▶ Goal of the exercise
From the material below, retype exactly the lines that begin at the line with "Los Angeles, UNITED" and end after the line with "ultra realistic frozen"; pictures stay out of the copy.

▶ Records for this exercise
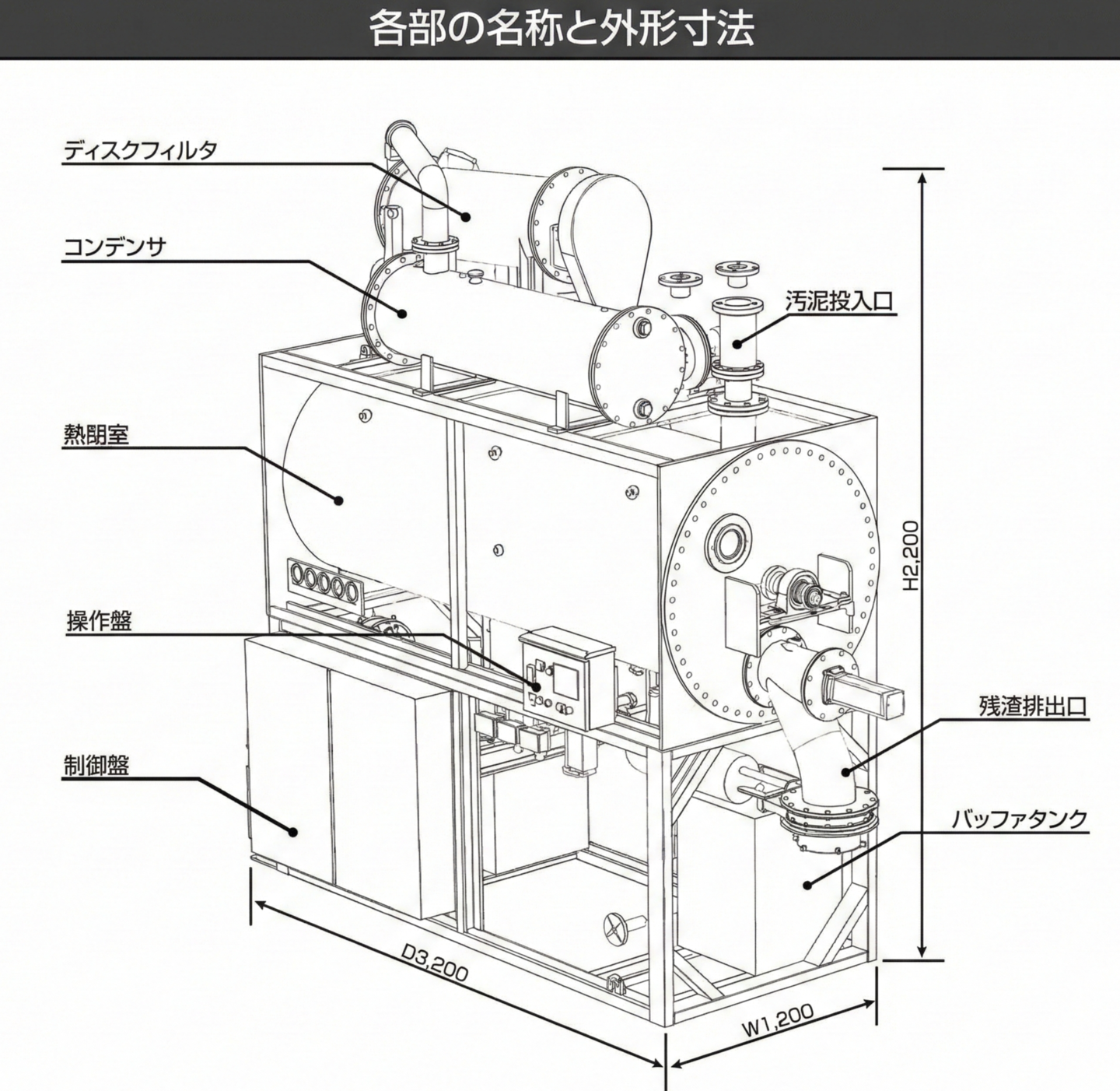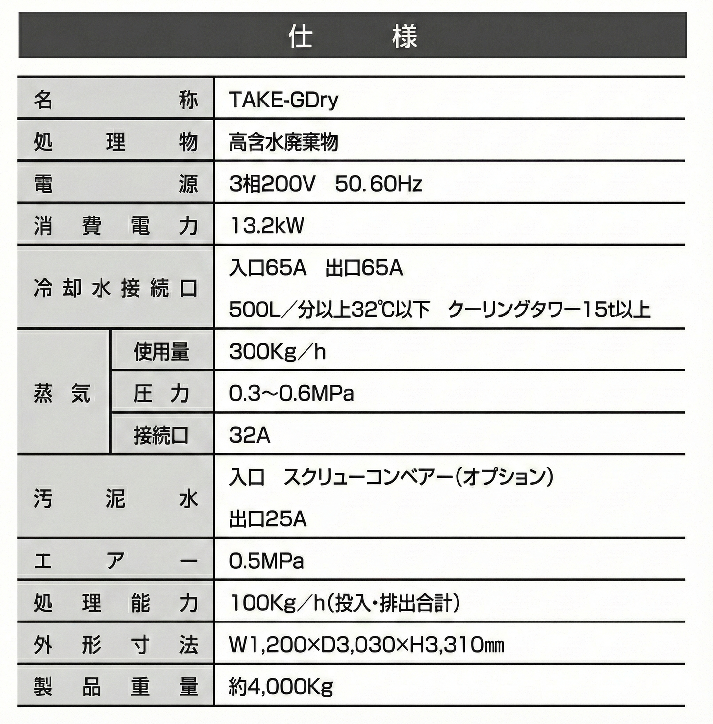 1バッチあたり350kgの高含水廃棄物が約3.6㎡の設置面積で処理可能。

* * *

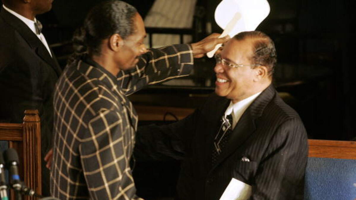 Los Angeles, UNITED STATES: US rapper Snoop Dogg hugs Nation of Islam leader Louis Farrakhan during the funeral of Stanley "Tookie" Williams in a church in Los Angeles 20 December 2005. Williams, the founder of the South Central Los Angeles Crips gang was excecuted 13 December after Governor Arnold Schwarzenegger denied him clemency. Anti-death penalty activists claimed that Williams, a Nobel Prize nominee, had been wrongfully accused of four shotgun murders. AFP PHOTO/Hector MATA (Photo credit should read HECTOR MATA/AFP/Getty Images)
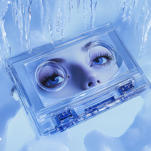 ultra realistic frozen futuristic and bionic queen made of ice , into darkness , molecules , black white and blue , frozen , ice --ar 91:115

---

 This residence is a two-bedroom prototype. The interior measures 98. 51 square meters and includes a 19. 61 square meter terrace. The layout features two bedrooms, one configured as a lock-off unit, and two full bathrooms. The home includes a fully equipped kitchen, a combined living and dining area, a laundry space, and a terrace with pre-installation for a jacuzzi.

▶ Solution for this exercise
 Los Angeles, UNITED STATES: US rapper Snoop Dogg hugs Nation of Islam leader Louis Farrakhan during the funeral of Stanley "Tookie" Williams in a church in Los Angeles 20 December 2005. Williams, the founder of the South Central Los Angeles Crips gang was excecuted 13 December after Governor Arnold Schwarzenegger denied him clemency. Anti-death penalty activists claimed that Williams, a Nobel Prize nominee, had been wrongfully accused of four shotgun murders. AFP PHOTO/Hector MATA (Photo credit should read HECTOR MATA/AFP/Getty Images)
 ultra realistic frozen futuristic and bionic queen made of ice , into darkness , molecules , black white and blue , frozen , ice --ar 91:115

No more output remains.